With the picnic cleaned up, I walked toward the bedroom to get undressed and ready for my new fiancée. I laughed as I thought about the expression on her face when she first saw the ring.

Getting into the bedroom, I thought I would open up a window to let in a little fresh air. And as I did, I could hear the sounds of sirens filtering through from the street below.

Looking down, I could see that things didn’t look right. People were moving oddly. Running or stumbling in every direction. And then my eyes went to something that just shouldn’t have been there. An armored truck was up on the sidewalk.

My heart stopped as I saw police cars stopped on every side of the vehicle. Officers got out with guns drawn, aiming them at the vehicle. Then a loud voice came up to me as one of the officers used a bullhorn, “Get out of the car with your hands up.”

Pulling my cell out of my pocket, I found my hands were shaking as I swiped Nina’s name. The phone rang, and I could hear it in the apartment. She’d left her phone on the nightstand. “Fuck!”

Hauling ass, I ran to get to the elevator. I had to get to Nina. I couldn’t sit there and wait.

But I wasn’t the only one rushing out to check on someone they cared about on the outside of that building. It took no time at all for the elevator to be filled with people, all trying to get to the ground floor.

The doorway became jammed as everyone tried to get out at the same time. “Everyone, just calm down,” some man called out. “One at a time, people.”

Panic had set in, and everyone was out for their own self. Finally, I made it out and moved in the direction I knew Nina had gone. Then everyone froze when the sound of a gunshot rang out.

I climbed up on a pole to see what I could. The police were moving fast toward the armored truck. Then I saw an officer waving, and more came in. An ambulance pulled up, and the officers took the person, who had obviously shot himself, to the back of it.

It was only then that I saw the people lying on the sidewalk. I couldn’t make any one of them out. I looked around at the people around me in the crowd, searching desperately for Nina’s face.

When I didn’t find it, I got off the pole and tried my best to get to that truck. Praying the whole time that she was safe inside the store, I pushed my way through the mass of people.

When I got close to where I wanted to go, a strong arm stopped me. “No one can go any further than this.” An office had stopped me.

“My wife is down here. I need to find her,” I implored him.

“There are lots of wives and husbands down here, mister. You’ll have to wait, just like everyone else.” He gave me a slight push to get back, and it only made me mad.

“Listen to me,” I said through gritted teeth.

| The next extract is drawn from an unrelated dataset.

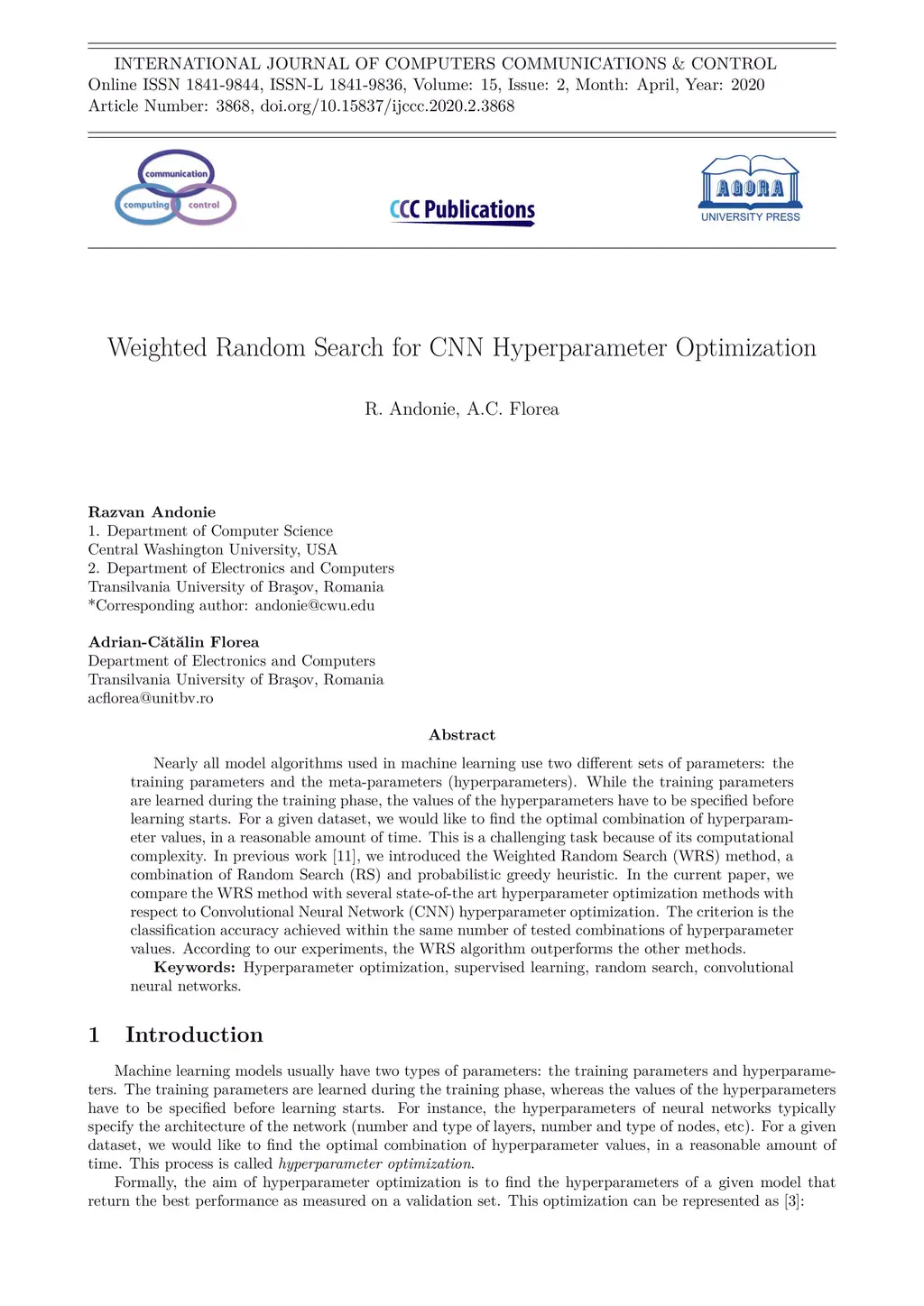 Weighted Random Search for CNN Hyperparameter Optimization

The sound of more ambulances made me look up. Three stopped, and the paramedics got out. They swarmed through the people who were standing around. “Clear this entire area,” one of them said. “We’ve got to be able to see to the wounded.”

My heart stopped when someone called out, “We’ve got an unresponsive civilian over here.”

Another called out, “No pulse here.”

“Get them on the trucks,” someone else shouted.

I watched as people were placed on stretchers, strapped down then taken to the backs of the waiting ambulances. Those three drove away, and three more came in right behind them.

The same thing followed. The paramedics searched, found, and took away. But this time I saw dark blonde hair falling across the top of the stretcher. “Hey, wait!”

The cop turned to give me a frown. “I thought I told you …”

“I think that’s her.” I pointed at the moving stretcher that was about to be put into the ambulance. “Please just let me see if it’s her.”

He moved his arm then jerked his head. “Hurry up.”

I ran toward the stretcher and every step I took made my blood drop a degree colder. When I got all the way to them, I finally saw her face. Blood ran in tiny rivers from her forehead and nose. “Oh, God!” I felt my knees buckle.

“Do you know her?” one of the paramedics asked.

“She’s my wife.” I knew that they wouldn’t let me see her if I told them anything else—I had learned that the hard way once before.